The second season premiered on May 6, 2026, with all seven episodes.

== Spin-offs ==
Citadel includes spin-off shows in different languages set in the Italian Alps, India, Spain, and Mexico. The Italian series, titled Citadel: Diana, is produced by Cattleya, part of ITV Studios, and was released in 2024. At the end of season 1 of Citadel, there was a trailer for Citadel: Diana. The series was aired on October 9, 2024. The Indian series, titled Citadel: Honey Bunny, starring Varun Dhawan and Samantha Ruth Prabhu, was directed by Raj & DK and revolves around the story of Honey and Bunny, who are the parents of the character Nadia Sinh. It premiered on November 7, 2024. Both spin-offs were cancelled after their first seasons.

== Reception ==
===Critical response===
For the first season, the review aggregator website Rotten Tomatoes reported a 51% approval rating with an average rating of 5.7/10, based on 79 critic reviews. The website's critics consensus reads, "Citadel spares no expense but still feels underdeveloped, yielding a fairly fun spy caper that nonetheless creaks under the weight of its own exorbitance." Metacritic, which uses a weighted average, assigned a score of 51 out of 100 based on 29 critics, indicating "mixed or average reviews".

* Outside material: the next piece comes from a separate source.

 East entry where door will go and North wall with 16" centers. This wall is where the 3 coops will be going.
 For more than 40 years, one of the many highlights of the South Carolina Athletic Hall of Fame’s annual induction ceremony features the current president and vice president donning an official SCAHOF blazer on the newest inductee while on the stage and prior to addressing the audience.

The Economist called it "a big-budget, low-imagination thriller with plenty of explosions and no surprises." Despite the criticism it was picked up for a second season that released in 2026.

The second season has a 71% approval rating on Rotten Tomatoes based on seven reviews, with an average rating of 5.4/10.

Screen Rant praised the season's action sequences, writing that the show features "the very best" choreography and fight scenes among Prime Video's action thriller originals, and noted that director Joe Russo's "sharp and high-octane direction" was evident from the opening episode. Indian entertainment publication Bollywood Hungama gave the season a positive review, calling it "a fast-paced thriller" and noting that it "benefits from Priyanka Chopra Jonas' action avatar." M.N. Miller of FandomWire wrote that the second season "finds enough pulpy spy-thriller fun and unexpected charm in Stanley Tucci's scene-stealing turn to make the self-indulgent series an entertaining, but still disposable watch."

===Viewership===
According to streaming measurement service FlixPatrol, the first season debuted at number two on Prime Video's Top 10 Shows and Top 10 Overall rankings in the United States in its opening week, surpassing other Prime Video titles including Invincible.

The second season briefly reached the top 5 in Prime Video's global streaming charts in its opening days, with competition from the presently airing final season of The Boys.

===Accolades===
Citadel was nominated for two awards at the 22nd Visual Effects Society Awards.